+++ Data excerpt

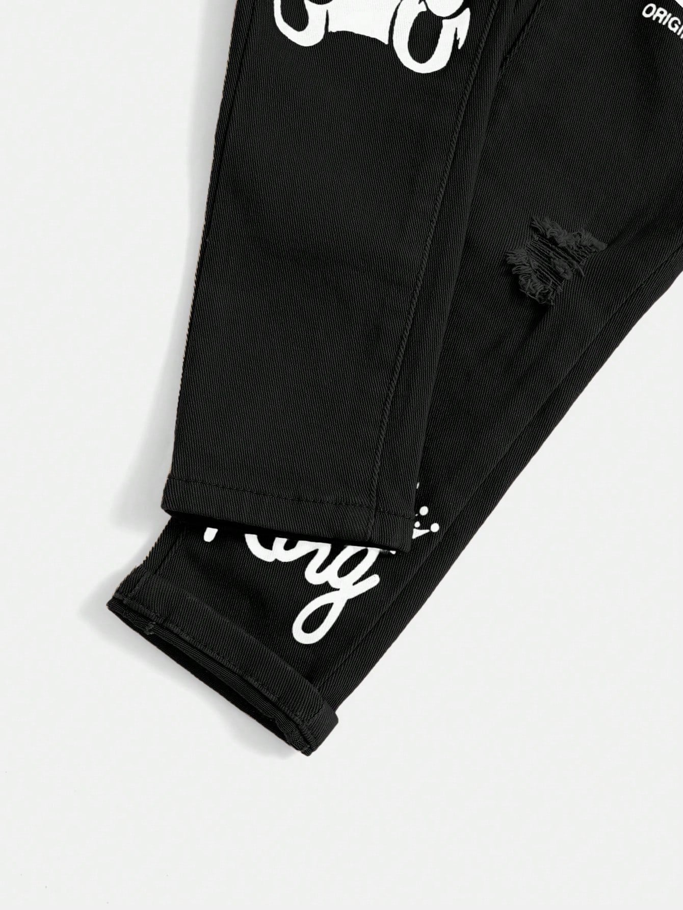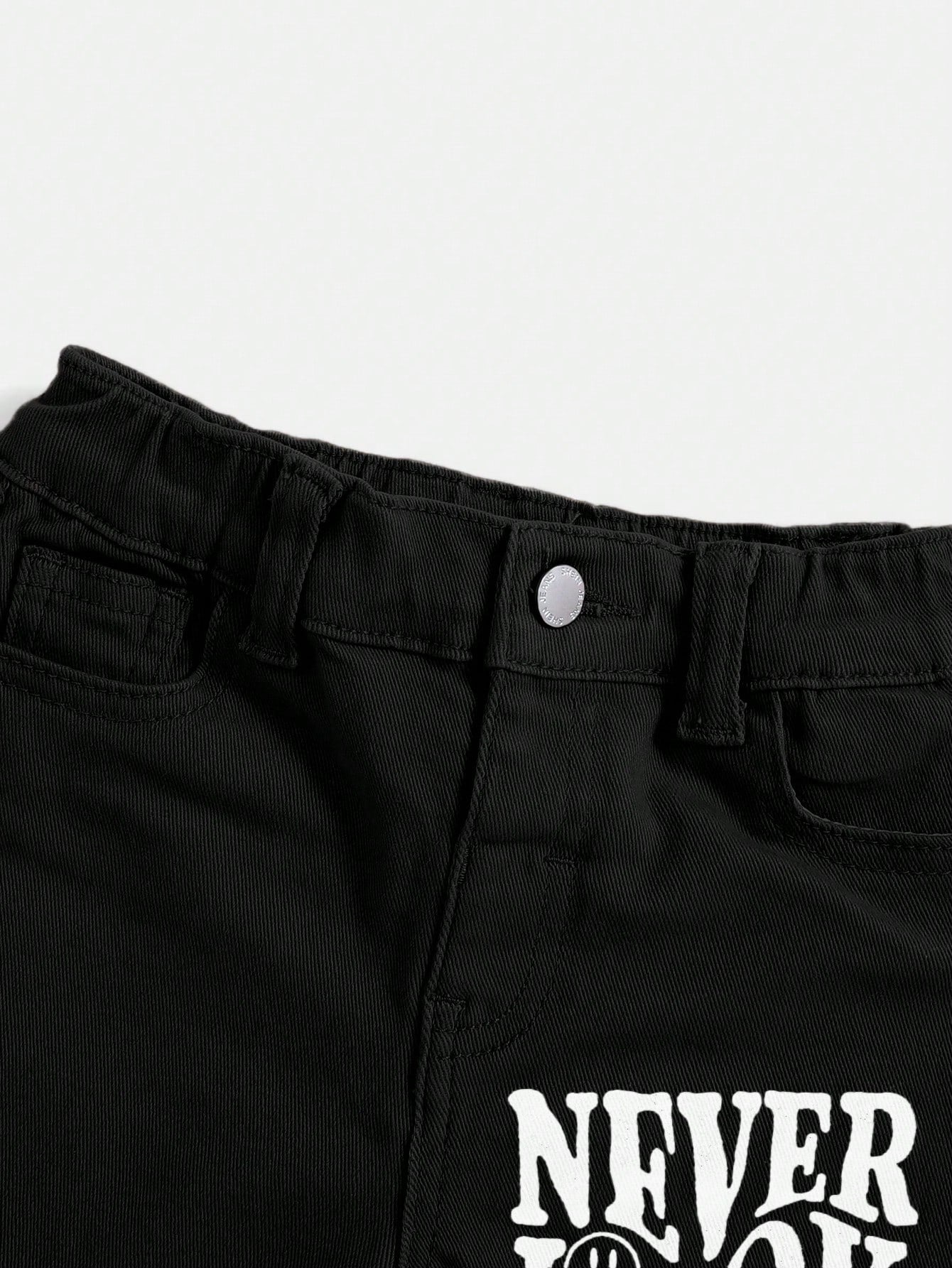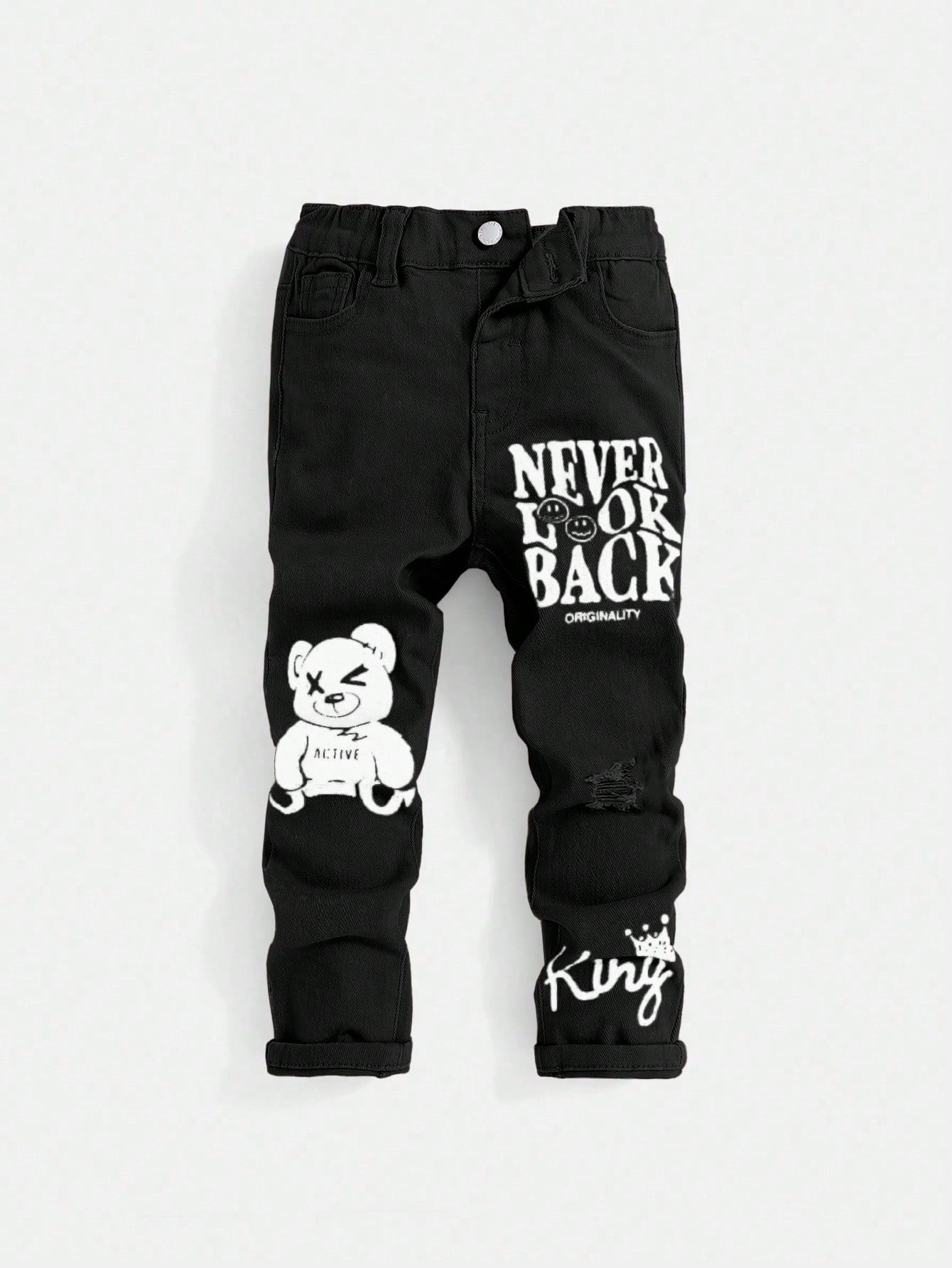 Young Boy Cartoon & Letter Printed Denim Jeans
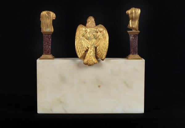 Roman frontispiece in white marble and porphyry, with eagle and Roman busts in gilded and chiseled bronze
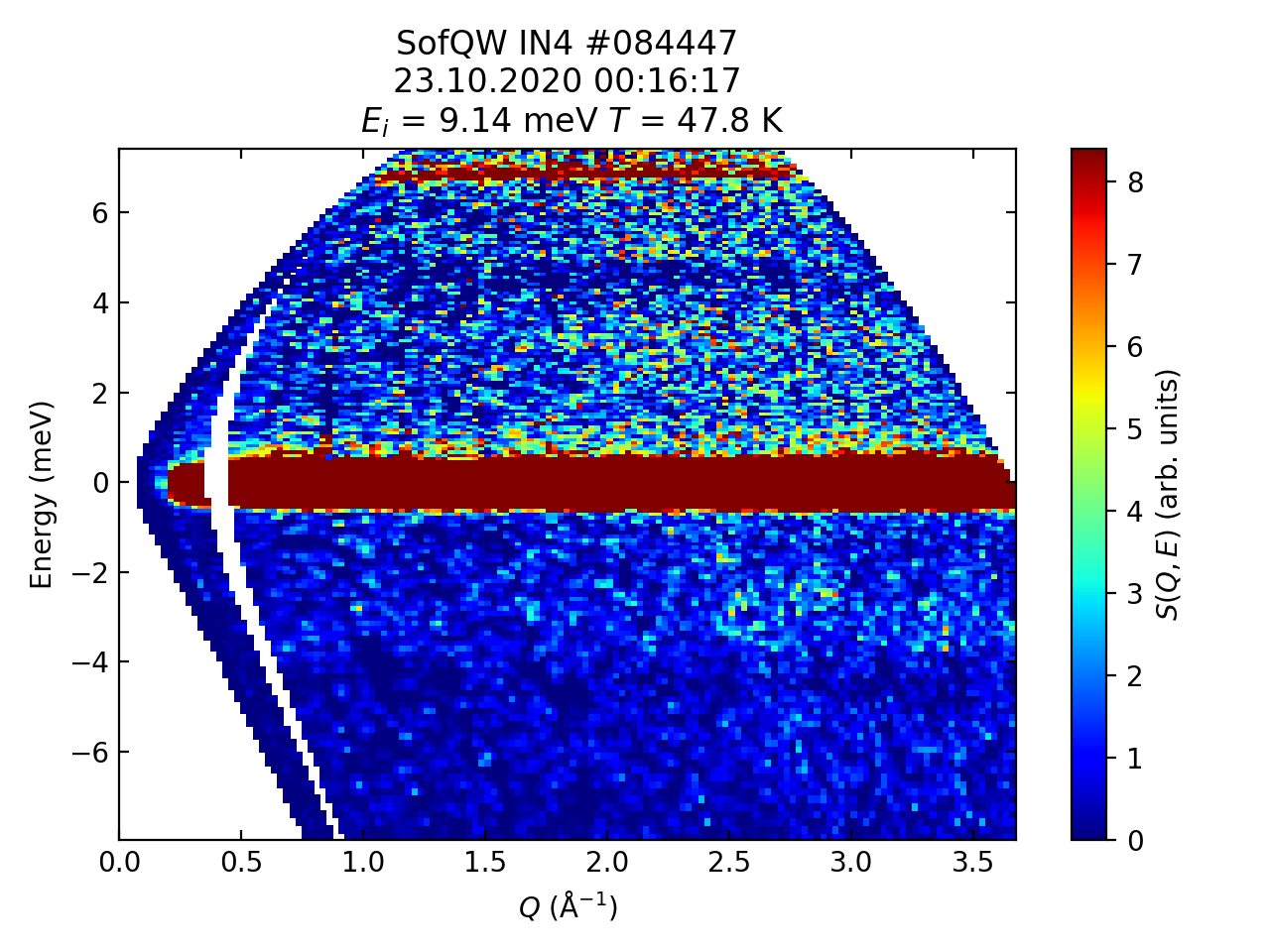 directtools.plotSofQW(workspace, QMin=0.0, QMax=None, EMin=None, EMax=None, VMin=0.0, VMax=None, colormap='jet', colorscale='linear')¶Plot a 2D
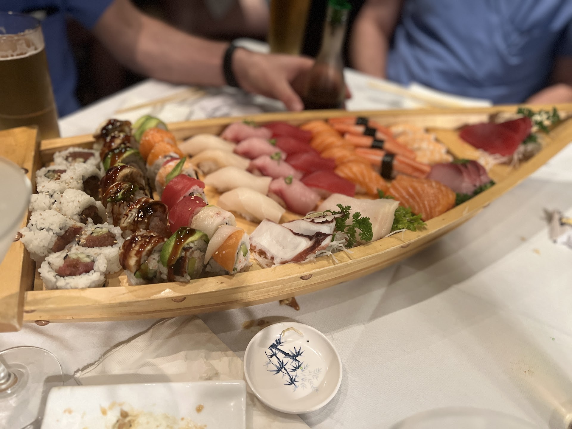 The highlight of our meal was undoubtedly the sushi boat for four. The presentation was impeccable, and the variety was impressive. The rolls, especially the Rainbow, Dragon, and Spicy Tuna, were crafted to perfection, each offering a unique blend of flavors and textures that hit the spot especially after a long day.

++++++

Repeat the whole listing above word for word. Leave out the pictures.

 Young Boy Cartoon & Letter Printed Denim Jeans
 Roman frontispiece in white marble and porphyry, with eagle and Roman busts in gilded and chiseled bronze
 directtools.plotSofQW(workspace, QMin=0.0, QMax=None, EMin=None, EMax=None, VMin=0.0, VMax=None, colormap='jet', colorscale='linear')¶Plot a 2D
 The highlight of our meal was undoubtedly the sushi boat for four. The presentation was impeccable, and the variety was impressive. The rolls, especially the Rainbow, Dragon, and Spicy Tuna, were crafted to perfection, each offering a unique blend of flavors and textures that hit the spot especially after a long day.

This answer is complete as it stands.